In D22546#493273, @markj wrote:

In D22546#493033, @kevans wrote:

I think this looks good to me, thanks! It does behave differently now in that truss(1) will cause us to exit these syscalls if it attaches in the middle -- but every application I can think of using them will swiftly return to sigsuspend() state once it realizes nothing productive happened.

Sorry, I am confused. truss(1) attach should generate a SIGSTOP that interrupts the system call anyway.

The SIGSTOP interrupts, then zsh returns to sigsuspend(2) following that. The application then goes to trace syscall entry and we're stuck in sigsuspend(2) at that point.

Why do we interrupt only these two distinguished system calls?

There are perhaps others, but sigsuspend was the first candidate because it's the most problematic one and sigwait/sigtimedwait are a natural extension to this.

In D22546#493275, @kevans wrote:

In D22546#493273, @markj wrote:

In D22546#493033, @kevans wrote:

I think this looks good to me, thanks! It does behave differently now in that truss(1) will cause us to exit these syscalls if it attaches in the middle -- but every application I can think of using them will swiftly return to sigsuspend() state once it realizes nothing productive happened.

Sorry, I am confused. truss(1) attach should generate a SIGSTOP that interrupts the system call anyway.

The SIGSTOP interrupts, then zsh returns to sigsuspend(2) following that. The application then goes to trace syscall entry and we're stuck in sigsuspend(2) at that point.

Why do we interrupt only these two distinguished system calls?

There are perhaps others, but sigsuspend was the first candidate because it's the most problematic one and sigwait/sigtimedwait are a natural extension to this.

I think it's because kern_sigsuspend() and kern_sigtimedwait() call cursig() and thus may block in ptracestop() before returning to the usermode boundary.

So to be clear, the problem is that a debugger is expecting to see a system call entry following a PT_CONTINUE following the attach?

In D22546#493291, @markj wrote:

I think it's because kern_sigsuspend() and kern_sigtimedwait() call cursig() and thus may block in ptracestop() before returning to the usermode boundary.

So to be clear, the problem is that a debugger is expecting to see a system call entry following a PT_CONTINUE following the attach?

This is not quite a problem, but rather the inconvenience. In this situation debugger needs to understand that the process is waiting for a signal in a syscall that does not return until the signal is generated, and do something. It is quite involved for the debugger to infer this data, and much simpler for the kernel to fabricate a spurious EINTR instead.

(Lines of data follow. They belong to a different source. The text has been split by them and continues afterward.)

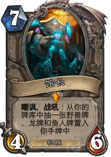馆长,7费4/6嘲讽,战吼:从你的牌库中抽一张野兽牌、龙牌和鱼人牌,植入你手牌中。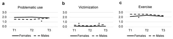 Parameter estimates for the significant interaction terms between sex and time from the mixed models reported in Table 1. (a) problematic use of digital media; (b) victimization; (c) exercise. * = indicates for what time point (i.e., T1 vs. T2 or T2 vs. T3) that the interaction effect is significant.
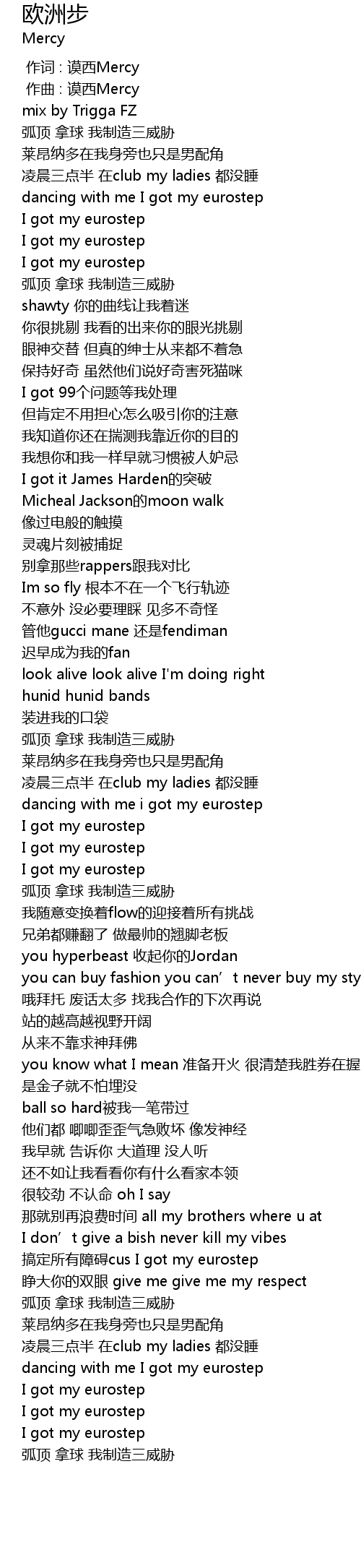 | [02:34.127] | gao ding suo you zhang ai cus I got my eurostep |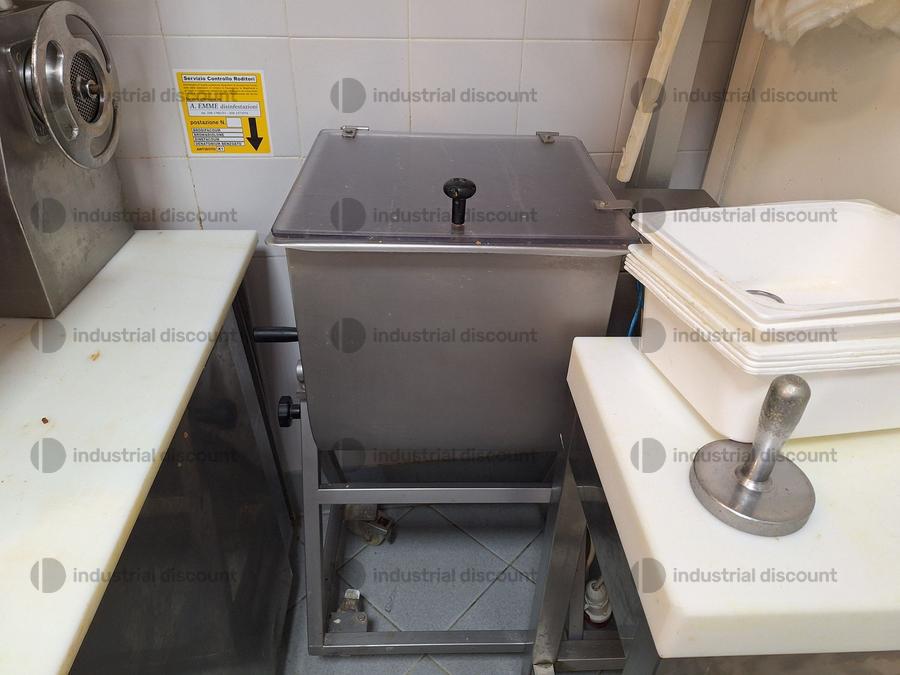 Lotto composto da attrezzature per la macelleria come banconi, tritacarni, affettatrici, etc..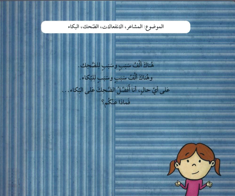 كتاب عن الضحك وأسبابه والبكاء وأسبابه، يصل إلى الطفل بشكل طريف من خلال مواقف من الحياة اليومية البسيطة التي يعيشها كلّ إنسان.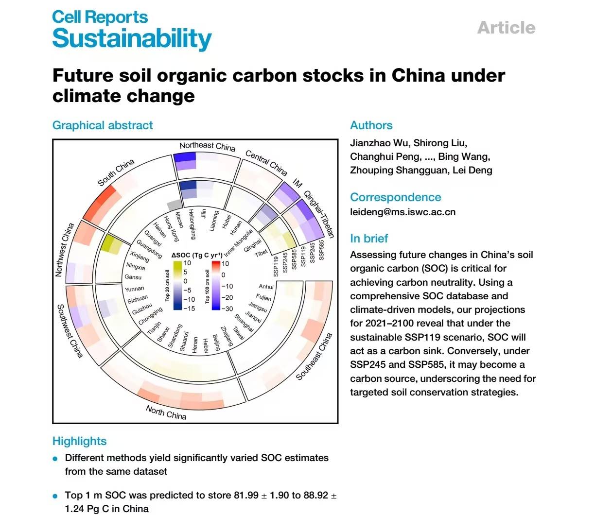 近日,西北农林科技大学黄土高原土壤侵蚀与旱地农业国家重点实验室邓蕾研究员团队评估了不同共享社会经济路径(SSP)下我国陆地生态系统土壤有机碳储量潜在趋势。相关研究成果发表在Cell press旗下新出版的《细胞报告可持续性》(Cell Reports Sustainability)上。

Also, I believe it is consistent with behavior of other sleeping syscalls like select(2), where the situation causes spurious EINTR.

Only inject EINTR in sigtimedwait() when error == 0.

This revision now requires review to proceed.Nov 26 2019, 5:49 PM

Harbormaster completed remote builds in B27782: Diff 64895.Nov 26 2019, 5:49 PM

In D22546#493292, @kib wrote:

In D22546#493291, @markj wrote:

I think it's because kern_sigsuspend() and kern_sigtimedwait() call cursig() and thus may block in ptracestop() before returning to the usermode boundary.

So to be clear, the problem is that a debugger is expecting to see a system call entry following a PT_CONTINUE following the attach?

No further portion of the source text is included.